The University also has a program to help employees purchase homes, offering financial advice and a $7,500 forgivable loan, Malunda said.

There are currently 70 employees enrolled in the program, and Malunda expects another 20 more by the end of the academic year. “It’s our way of saying ‘we’re in a wonderful community.’” Malunda said. “It’s a redeveloping community in many ways. What can we do as an institution so our employees who aren’t already living here are able to purchase homes?”

According to Hank Webber, the vice president for Community Affairs, about 40 percent of the participants in the program purchased homes in Woodlawn.

Malunda said the program has targeted middle-income employees, and it includes single mothers and first-time homeowners. “We’re trying to make purchasing a home a reality,” she said. “Without our help it would just be a dream. We’re trying to turn dreams into reality.”

But STOP said that community organizations should take more responsibility for the economic forces driving out low-income Woodlawn residents.

“It’s a cop-out to blame displacement on economic forces,” said Goldenberg. “When you build housing, property taxes go up. It gets more expensive everywhere in the community. The real estate organizations here definitely have control over changes in the housing economy.”

To keep a place for current residents, Goldenberg estimates that 25-40 percent of all new home units would have to be designated low income. Citing the Balanced Development Coalition, Goldenberg said development should be split evenly between market rate homes, “affordable” homes, and low-income rentals.

When asked why developers would want to designate such a large fraction of their investments for low-income residents and therefore lose extra revenue, Goldenberg said development in the community would still be a winning investment.

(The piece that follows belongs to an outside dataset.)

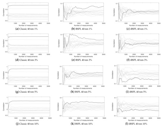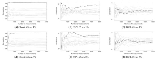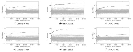 As a final comparison between classic logic, BSPL and iBSPL we consider static power and dynamic power analysis attacks on the synthesized SBox circuits. For that purpose, we have simulated the leakage current of each SBox circuit 5000 times for random inputs while adding Gaussian-distributed noise. In fact, we have repeated that process 500 times to model the influence of process variations corresponding to the given severity level. As an attack strategy we have chosen Moments-Correlating DPA (MCDPA) [38], since this analysis technique does not depend on the choice of a particular leakage model and therefore allows a fair comparison. Please note that the same attack has also been successfully applied to experimental static power side-channel measurements in [12]. Our results are shown in Figure 11 for 40 nm technology and Figure 12 for 65 nm technology. To exclude any influences of the probabilistic nature of additional noise to the traces we have used exactly the same noise distribution for classic logic, BSPL and iBSPL. Although it is clearly more difficult to recover the key difference in the case of the BSPL circuit compared to regular logic cells, the SBoxes synthesized with iBSPL cells again provide the highest level of protection in this analysis. In fact, most of the attacks are not able to isolate the correct key difference (black) from the incorrect ones (grey) using the available number of traces.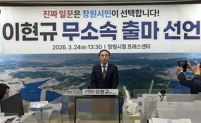 이현규 출마자는 25일 창원시청 프레스센터에서 기자회견을 열고 "정당 공천보다 시민의 판단이 우선"이라며 "창원의 미래를 시민 앞에서 다시 평가받겠다"고 밝혔다.

STOP, which has received grants from the Ford Foundation and the Woods Fund, is active in developing organizers and homegrown activists who can articulate their desires for Woodlawn.

Many of the NCP’s projects are worthwhile but none create strong community leaders, Goldenberg said.

He gave employment as an example. “Instead of having a job fair or training, we would start a research campaign to learn about the economy, understand why there was a lack of jobs in this area, and then work to develop them,” Goldenberg said. “It’s a basic distinction of social service providing versus organizing.”

The University is the largest employer on the South Side, employing about 13,000 people, according to Larry Arbeiter, director of University communications. “Our presence here supports numerous small businesses and landlords in the community,” Arbeiter said.

He noted that an important part of the current campus plan is the University’s business diversity program, which has provided more than $100 million of contracts to minority- and women-owned businesses in Chicago in the last six years.